I don’t know the person who wrote the above quote, and as such I have no idea as to the training advocated by the club/association he represents. I am fairly certain though that this approach to mushin is on the esoteric side and not really set up for defence against multiple opponents at all. It all sounds a bit airy fairy to me.

At Primal Steve Morris would get us into a heightened state of physiological arousal, by performing drills intended to set the CNS (Central Nervous System) to a high level of motor unit recruitment so we could strike with increased power. That sentence doesn’t do the drills justice, it’s very difficult to get the feeling over in the written word. He wrote on his blog about how the sprinter Ben Johnson would do heavy squats prior to running the 100m, in order to prepare the CNS for full explosive power.

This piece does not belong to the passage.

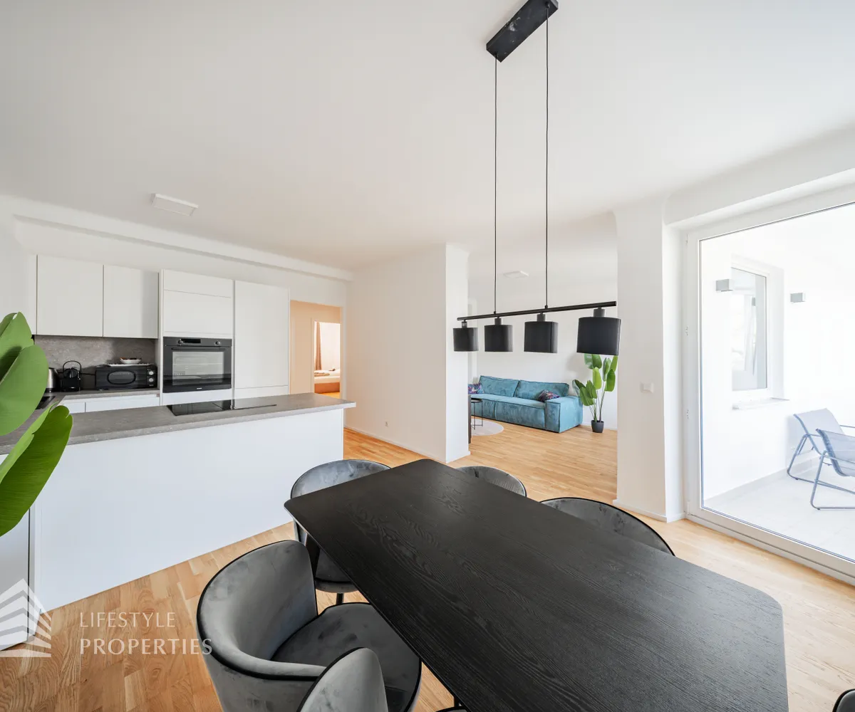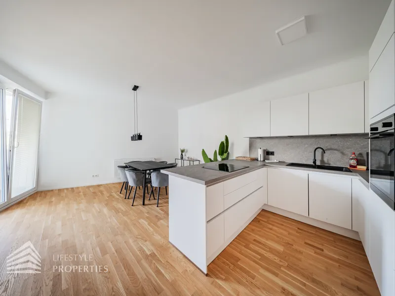 Bei Betreten der Wohnung gelangen Sie in den zentral gelegenen Eingangsbereich, welcher alle Räumlichkeiten miteinander verbindet. Das Herzstück der Wohnung bildet die offene Wohnküche mit ca. 39 m², die nicht nur viel Platz bietet, sondern auch komplett ausgestattet ist und somit direkt genutzt werden kann. Über die Wohnküche gelangen Sie zum Highlight der Wohnung. Zur geräumigen Loggia mit ca. 12 m², die zum Entspannen und Verweilen einlädt. Gegenüber der Wohnküche gelangen Sie in die zwei weiteren Zimmer, welche sich mit ca. 8 m² und ca. 13 m² optimal als Schlaf- oder Arbeitszimmer anbieten. Über den Vorraum erreichen Sie die restlichen Räumlichkeiten. Das moderne Badezimmer ist mit einer Badewanne ausgestattet, und das separate WC bietet zusätzlichen Komfort. Ein praktischer Abstellraum sorgt zudem für ausreichend Stauraum.

(You can read what Steve Morris says about this here, here and here.)

It sounds counterintuitive, as you’d think the squatting would fatigue the muscles. Its an approach that works and enables you to get more than you think you can get. I first described the one drill on the old Shikon forum and will try again in a later post. But it’s not just the drill, it’s a case of using the drill to reach a level of intense power, an impression of which can then be “memorized” and repeated. This impression is then surpassed and a new impression “memorized”. The main outcome of the drill was very powerful strikes, but also along with the impression of power was the impression of the heightened arousal required to enable the expression of the power in the strike. Hopefully, that makes sense, you could even think of it as a mushin like coming together of the mind, spirit and body, because all of that happens. The mind is clear, you’re just observing whats happening, the spirit is high, you’re highly aroused, the CNS is set to fire at a high rate and the body fires off the shot. It’s a release, a big big release.

So while you could fit that description of mushin to what we did, it’s a giant leap, and there’s no actual indication in that description of the amplitude of arousal required, which is high, although not raging. In the previous mushin post I suggested that people may be inclined to develop a kata performance mushin, which seems to be more in line with the description above, and kata mushin is not whats needed for MMA or a fight.